Wrong way on human rights
Human rights groups are appropriately appalled by the breadth of a U.S. Supreme Court decision this week that would make it exceedingly difficult for some victims of human rights abuses committed in other countries to win redress in U.S. courts.
Led by Chief Justice John G. Roberts Jr., a self-proclaimed foe of judicial activism, the court reined in the use of a 1789 law known as the Alien Tort Statute, which gives federal courts jurisdiction over “any civil action by an alien for a tort committed in violation of the law of nations or a treaty of the United States.” Although the statute was inspired by concerns about attacks on ambassadors and piracy on the high seas in the 18th century, its expansive language has been used in recent years to justify lawsuits in U.S. courts by victims of torture abroad.

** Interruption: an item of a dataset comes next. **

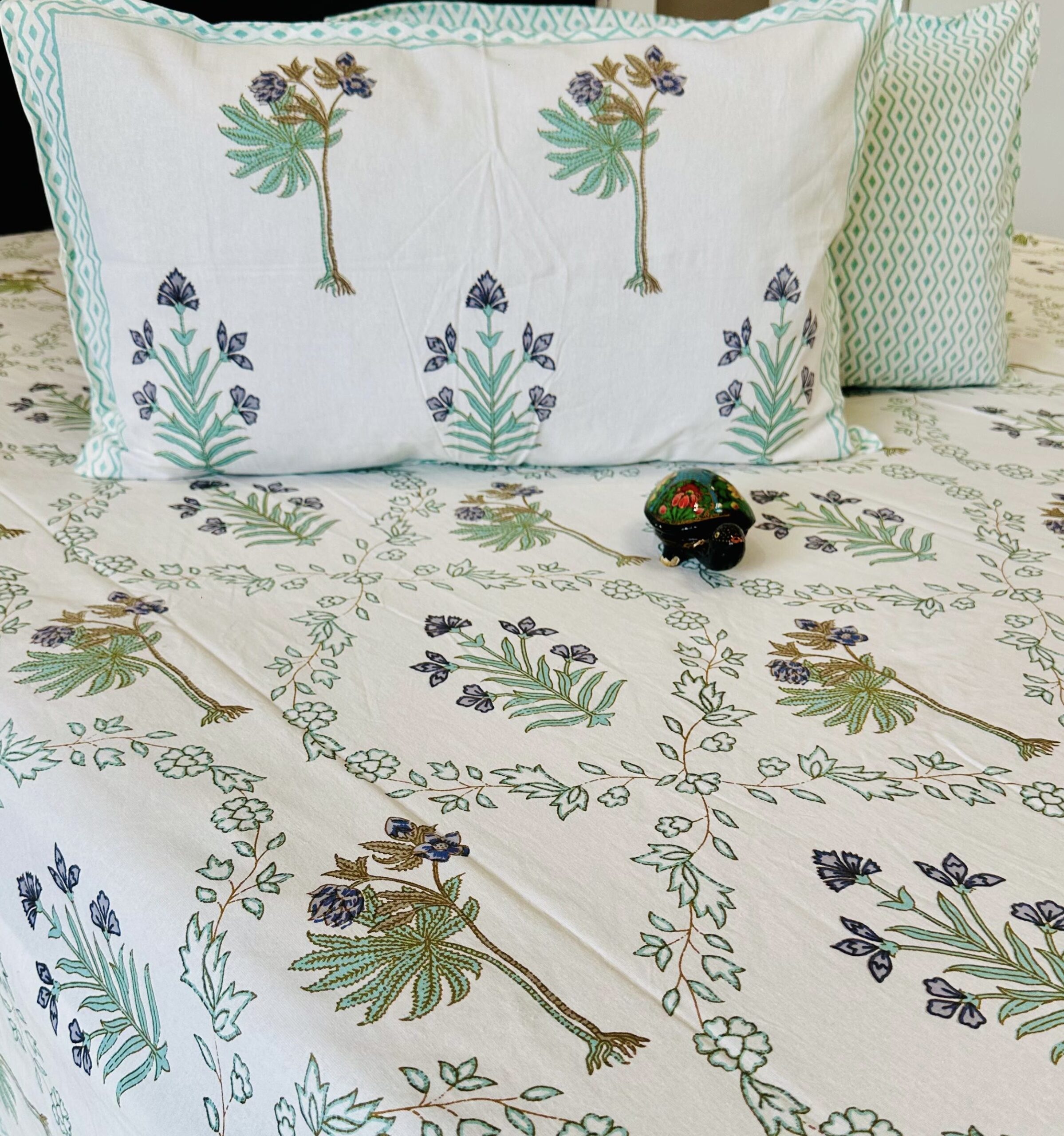 Our Vanlata bedsheet has delicate and refreshing floral design inspired by tranquillity of nature. This screen printed bedsheet has a soft white base and is available in two colours. Elegant palm trees and floral designs are printed on the bedsheet which is perfect for those who appreciate nature and looking for artisanal detail in their home decor.
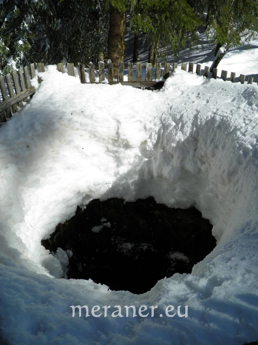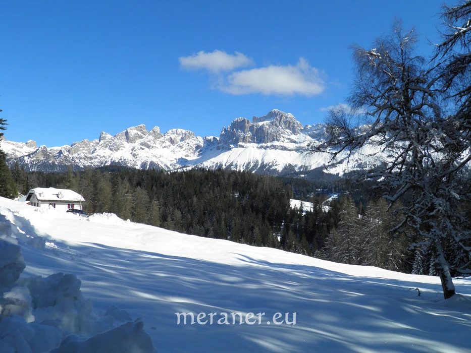 Wegverlauf: Vom Kirchplatz in Welschnofen (1.174 m) folgen wir der Markierung Nr. 5 an Häusern vorbei ein Stück bergan und wandern auf einem breiten Weg nahezu eben ostwärts, bis links ein alter Fußweg (Nr. 4) abzweigt. Auf diesem steigen wir durch Wald bergan bis zu einer Weggabelung. Hier wenden wir uns nach links (Markierung Nr. 5 und Hinweise „Schillerhof“ und „Wolfsgrube“) und steigen auf dem ausgetretenen Fußweg durch Wald stetig bergan zu einer Marienkapelle und zum Wolfsgrubenjoch (1.506 m; hier die unten erwähnte Wolfsgrube). Nun folgen wir dem breiten, gebahnten Weg mit der Nr. 1 und erreichen bald den Schillerhof (1.555 m, Einkehrmöglichkeit, bis Anfang April geöffnet, Dienstag Ruhetag; ab Welschnofen 1 ½ Stunden).

Among those who sought to benefit from the law were a group of Nigerian plaintiffs who argued that, in the 1990s, Royal Dutch Petroleum Co. “aided and abetted” a brutal government crackdown on opponents of oil drilling that included beatings, rapes and murders. According to the plaintiffs, who now live in the U.S., company officials provided food, money and transportation to Nigerian armed forces and let company property be used as a staging ground for attacks.
The court ruled 9 to 0 that the suit couldn’t go forward, with even the more liberal justices concluding that there wasn’t a sufficient connection between the United States and either the company or the alleged abuses. That alone would have been a disappointment for human rights advocates, who want to continue to use the law to bring to justice torturers and abusers abroad. But Roberts’ majority opinion went beyond that, establishing a strong “presumption against extraterritorial application” of the statute, even in cases in which the defendants have a significant connection to this country.
Quoting an earlier decision, Roberts argued that refusing to extend the law to cover conduct overseas “serves to protect against unintended clashes between our laws and those of other nations which could result in international discord.” But, as Justice Stephen G. Breyer pointed out in a concurring opinion, there are ways to minimize diplomatic friction without barring such lawsuits from U.S. courts altogether.
Joined by three other justices, Breyer offered a more flexible approach for application of the Alien Tort Statute. He suggested it should be used in cases where the violation of rights took place on U.S. soil, the defendant was a U.S. national or when “the defendant’s conduct substantially and adversely affects an important American national interest, and that includes a distinct interest in preventing the United States from becoming a safe harbor … for a torturer or other common enemy of mankind.”
That approach would be more faithful to American values than the cramped one the majority adopted.